I’m also still struggling with the DID diagnosis. My therapist asked me in the beginning of our last session to ask my parts if they had anything that they needed to say. I couldn’t do it. One reason was because it meant acknowledging that my parts exist, which is an ongoing back-and-forth for me. The other reason was because of what happened on Tuesday; I didn’t want that child to come out and talk about missing our mother again. My therapist could tell that I wasn’t comfortable with it, so she didn’t press the issue any further. But I also wasn’t honest with her about why I didn’t want to do it.

I was having a rough time Thursday night. I had worked all morning, went straight to therapy, and then came home and had to process everything. Something happened that put me over the edge and I just had to go outside and breathe to try to gain back some stability. I ended up sitting outside for over an hour, contemplating whether or not I should cry, light something on fire, or go back inside and go to sleep.

As I was sitting outside, I decided to e-mail my therapist. She had e-mailed me a link to an article on DID disclosure after our session that day. As odd as it is, I am okay with disclosing the DID to the outside world. Because of my work with HealthyPlace, my name is now permanently associated with DID. I am less okay with disclosing the DID to myself. Internally, I am finding it difficult to accept, even though I know that I have it. I am trying to be in denial while at the same time being fully aware that I am trying to be in denial despite the reality. Denial doesn’t quite work out so well when you are aware of it; it only creates dissonance. I also have a tendency to tell myself that I failed somehow and that is why I have DID, that it’s just another one of my many failures.

I also revealed what happened with my younger part the other day, and why I was so afraid to get in touch with those parts during therapy. My therapist wrote back that even though it is unnerving to be able to sense their feelings and hear their voices, that it is actually a good sign. She also wrote that I may not have been ready to hear those younger parts before, but now my consciousness is allowing it for a reason. I know that she’s right. but it still scares me. I feel ill-prepared. It’s just been me and Charlie for so long, and I wasn’t even handling that relationship well. My therapist is going to work with me on how to respond to my parts, because I told her I don’t think I know what to do and it overwhelms me, like it did on Tuesday. I need to get myself to a point where I can just accept my DID and my parts, and realize that this is not an indication of failure. I feel horrible for not being able to protect all of my parts from their traumas, when the reality is that I have these parts because they were protecting me.

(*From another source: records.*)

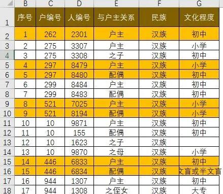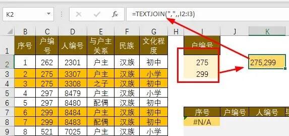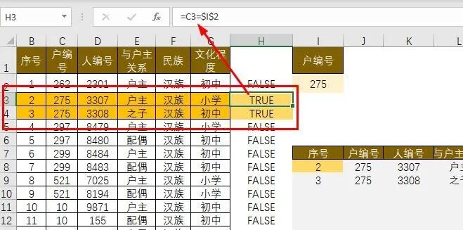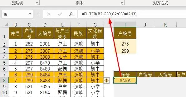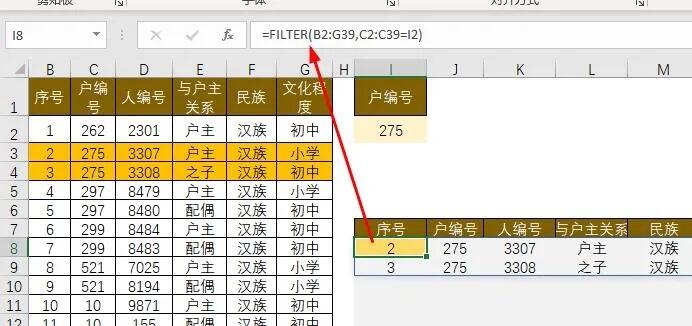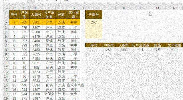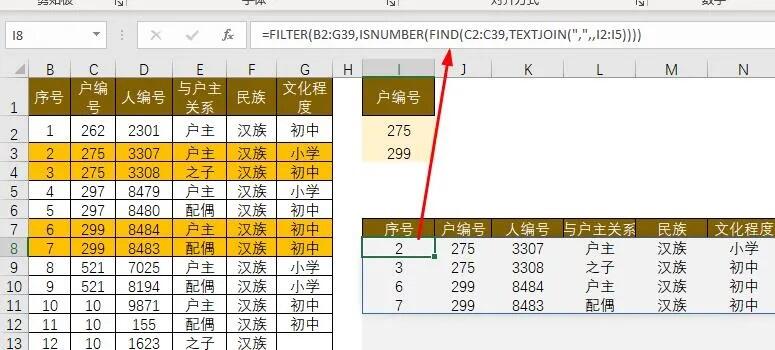 问题来了:根据i列户编号,从左表中查找出该编号的所有家庭成员,而且是同时查找多个户编号。
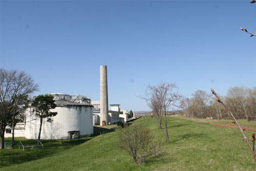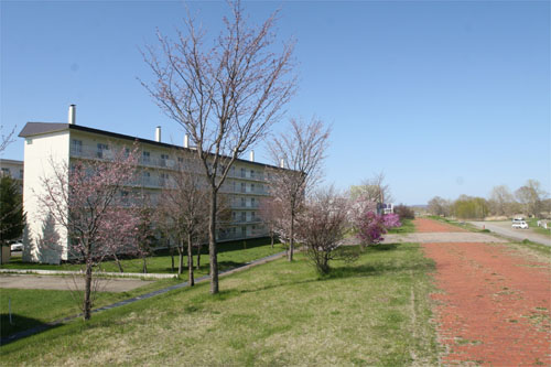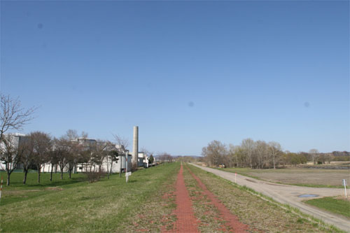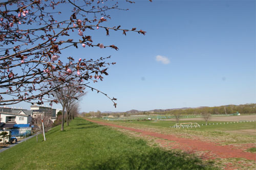 常呂川左岸堤防、東8号線とその向こうがひかり野
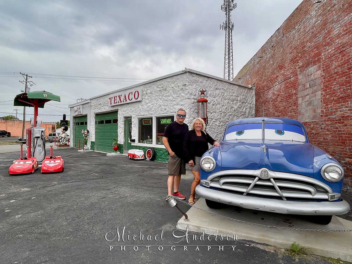 We arrived just a little before Aaron was closing up shop for the night. He was heading to an event that evening, so we could pretty much do whatever we wanted to, setup-wise. After chatting with him, I chose the angle that got all of “Big A, the Texaco Giant” in on the far left side, and “Doc Hudson”, the 1951 Hornet, from the hit Disney/Pixar film “Cars”, on the far right.
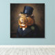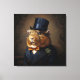 Cette image présente un cobaye vêtu d'une tenue édouardienne traditionnelle. Le cobaye est orné d'un chapeau noir et d'un manteau foncé sur mesure avec un revers, accentué par une boutonnière. Sous le manteau, il semble porter une chemise complétée par une cravate arc de couleur claire. Le sujet est posé sur un fond marron texturé qui imite le style de la photographie de portrait classique du début du XXe siècle, invoquant la mode et le style de portrait formel de l'ère édouardienne.
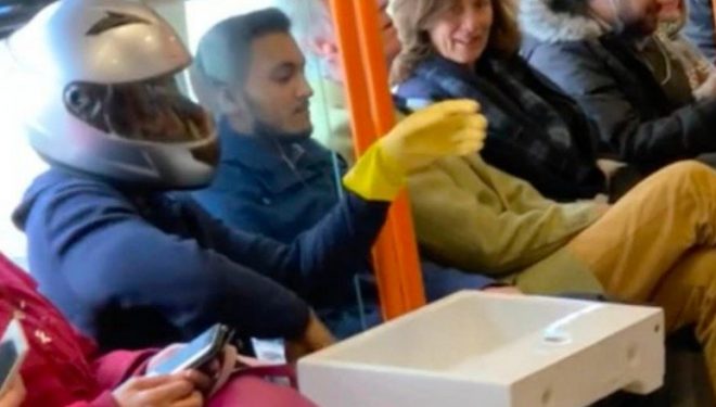“Lani vazhdimisht duart”, kjo është një nga thirrjet që po dëgjohet gjerësisht këto ditë dhe për t’iu përmbajtur në mënyrë fanatike këtij apeli, një pasagjer në Londër është parë me një lavaman me vete, për të larë duart, teksa ishte duke udhëtuar me anë të transportit hekurudhor.
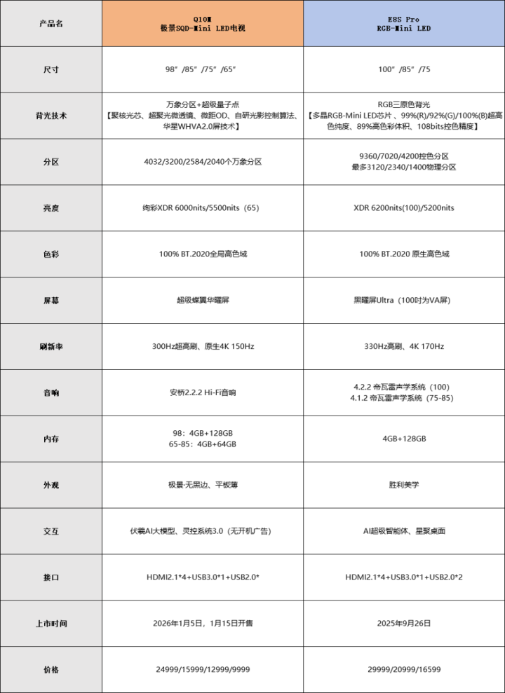 看完了TCL Q10M 极景SQD-Mini LED电视与海信E8S Pro RGB-Mini LED电视的情况,你会发现在画质方面,Q10M的表现更佳,在参数与游戏方面,E8S Pro有优势。
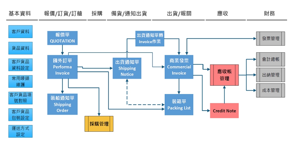追蹤採購、進貨、製令、Invoice 、 Credit Note,掌握已未交貨現況
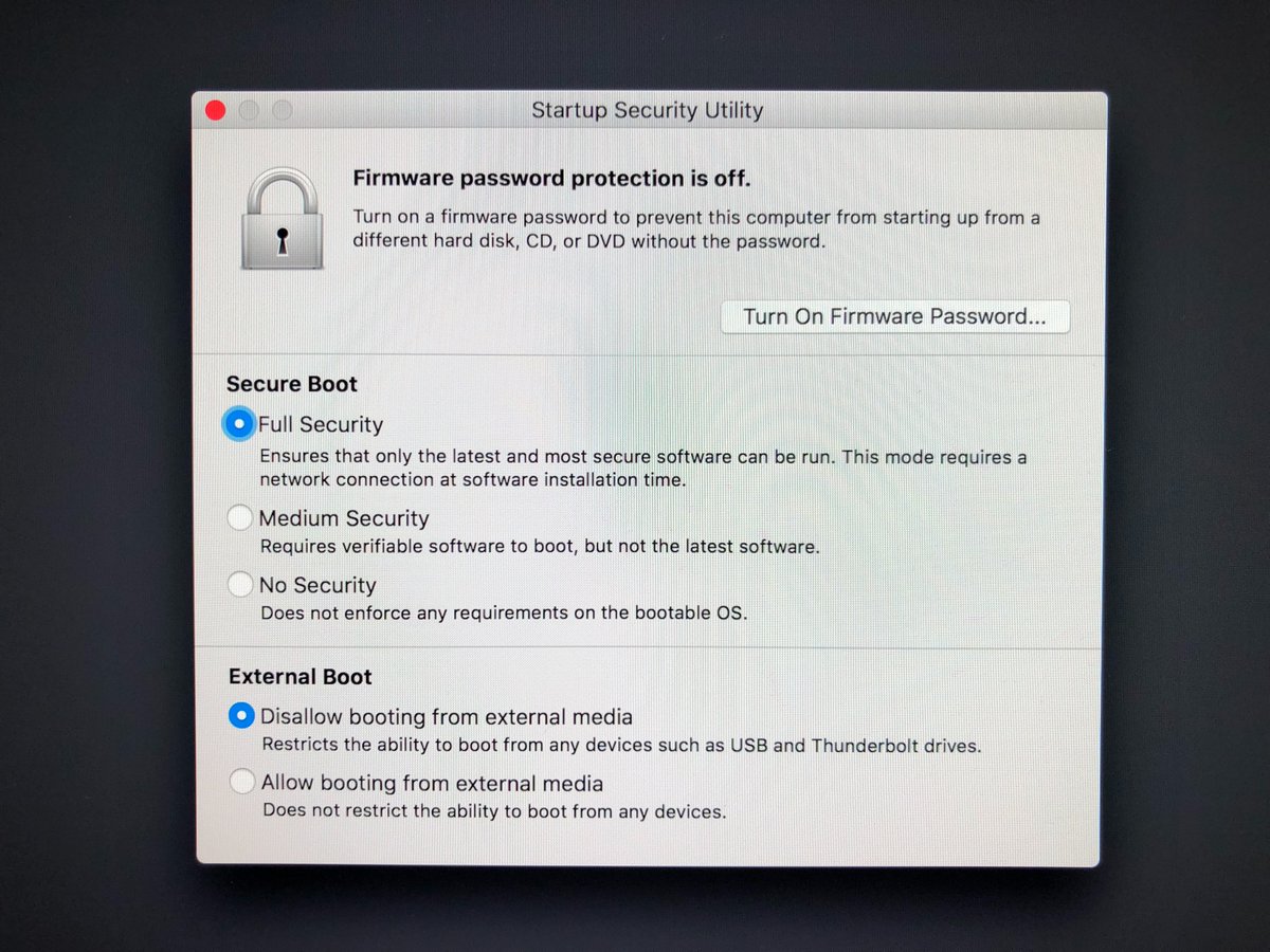 Inoltre, macOS acquisirà anche nuove opzioni “Secure Boot”, che vanno da “Full Security” a “Medium Security”, o nessuna sicurezza. Quando è attivata la sicurezza completa, il sistema garantisce che sia possibile eseguire solo il software più aggiornato e più sicuro, richiedendo una connessione di rete al momento dell’installazione del software.
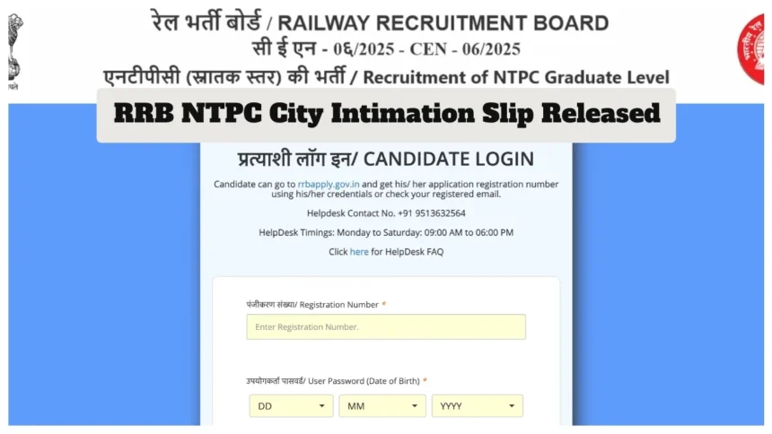 RRB NTPC स्नातक परीक्षा सिटी स्लिप लिंक
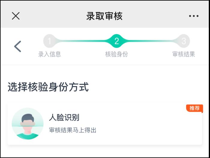 3. 核验身份方式选择“人脸识别”。
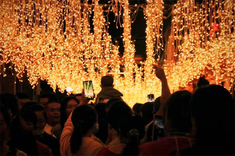 古城主街的流动灯海。

With all that’s been going on these last few weeks, I put grad school preparation off to the side. I have just over three weeks before the application is due. I am going to need to make it a priority to get everything finished. This is something I need to do, not only for financial reasons but because deep down, I feel like I have a purpose as a therapist. I feel that a lot of what has happened has happened for a reason. I moved to this specific location for a reason. I was chosen to write about living with DID for HealthyPlace for a reason. I started this blog for a reason, and it has evolved into so much more than I intended it to be. All of these things have helped me to grow, even though I have trouble seeing that sometimes. I think grad school will also help me grow. It will give me more purpose.

Thankfully, I’ve been given extra hours at work this coming week. It will help keep me busy, and I’ll have more money to pay my bills. I’m just hoping that I will be able to handle the extra work, and the blog, and the grad school prep, and therapy. It’s draining, but it’s what I need to do.